紙幣カセット11(11A、11B、11C及び11D)は、その内部に、紙幣を前後方向に重ねるように集積した状態で収納する。また紙幣カセット11の後側下部には、収納されている紙幣を1枚ずつに分離して繰り出す繰出部12が設けられている。
搬送部13は、図示しないローラやベルト、或いはこれらを駆動するモータ等により、紙幣を搬送する経路である搬送路を構成している。搬送部13は、各紙幣カセット11の繰出部12から繰り出された紙幣を概ね上方向へ進行させる。
鑑別部14は、搬送される紙幣の金種や走行状態等を鑑別し、その鑑別結果を制御部4へ供給する。制御部4は、得られた鑑別結果を基に、出金すべき正常な紙幣の搬送先を集積部16に、出金すべきでない紙幣(以下これをリジェクト紙幣と呼ぶ)の搬送先をリジェクトカセット17に、それぞれ決定する。
切替部15は、紙幣カセット11Aの上側における前後方向のほぼ中央に配置されており、制御部4の制御に基づき、紙幣に当接して進行方向を変化させるブレード(図中三角形で示す)の傾斜角度を変更することにより、下方から搬送されてきた紙幣それぞれの進行方向を、制御部4において決定された搬送先に応じて切り替え、後側の集積部16又は前側のリジェクトカセット17へ進行させる。
集積部16は、内部に紙幣を集積するための集積空間を形成している。集積部16は、切替部15から搬送され放出部16Rにより集積空間内へ放出された紙幣を、ステージ16T上に集積させることができる。
リジェクトカセット17は、内部に紙幣を収納する収納部を有している。この収納部は、仕切板17Pにより前上側と後下側とに仕切られている。またリジェクトカセット17における後側には、切替部15から搬送されてきた紙幣を収納部内へ放出する放出部17Rが設けられている。このためリジェクトカセット17は、切替部15から搬送され放出部17Rにより収納部内へ放出された紙幣(すなわちリジェクト紙幣)を収納することができる。
またリジェクトカセット17の上面には、上下方向に貫通する取込孔17Hが穿設されている。さらに取込孔17Hは、収納筐体10の上面も貫通しており、収納部と収納筐体10よりも上側の束搬送ユニット3の内部とを連通させている。このためリジェクトカセット17は、上方の束搬送ユニット3の内部から紙幣が落下してきた場合、この紙幣を収納部内に収納することができる。
さらにリジェクトカセット17は、紙幣カセット11と同様、収納筐体10に対し前方向へ引き抜かれることにより、当該収納筐体10から取り外すことができ、また当該収納筐体10に対し位置を合わせて後方向へ押し込まれることにより、当該収納筐体10に装着することができる。

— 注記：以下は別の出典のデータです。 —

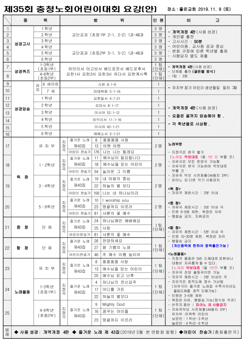 제35회 충청노회 어린이대회 개최요강 및 심사기준 충청노회 어린이대회 0 4161 2019.10.05 22:41 2019.10.05 22:41 어린이대회 개최요강 및 심사기준.pdf (114.9K) + 5 이미지를 클릭하면 더 선명하게 보실 수 있으며,위 PDF 파일을 다운로드 받으시면 인쇄가 가능합니다.

一方、束搬送ユニット3は、直方体状の束搬送筐体20内に、紙幣束を搬送するための種々の機構が設けられている。
[1−2.リジェクトカセットの構成]
ここで、紙幣出金機1から着脱可能なリジェクトカセット17の構成について図2を用いて詳しく説明する。筐体42の後面には、右端寄りの位置に、リジェクトカセット17が紙幣出金機1に装着される際に、紙幣出金機1側に設けられた解除レバー40が挿入される挿入口41が設けられている。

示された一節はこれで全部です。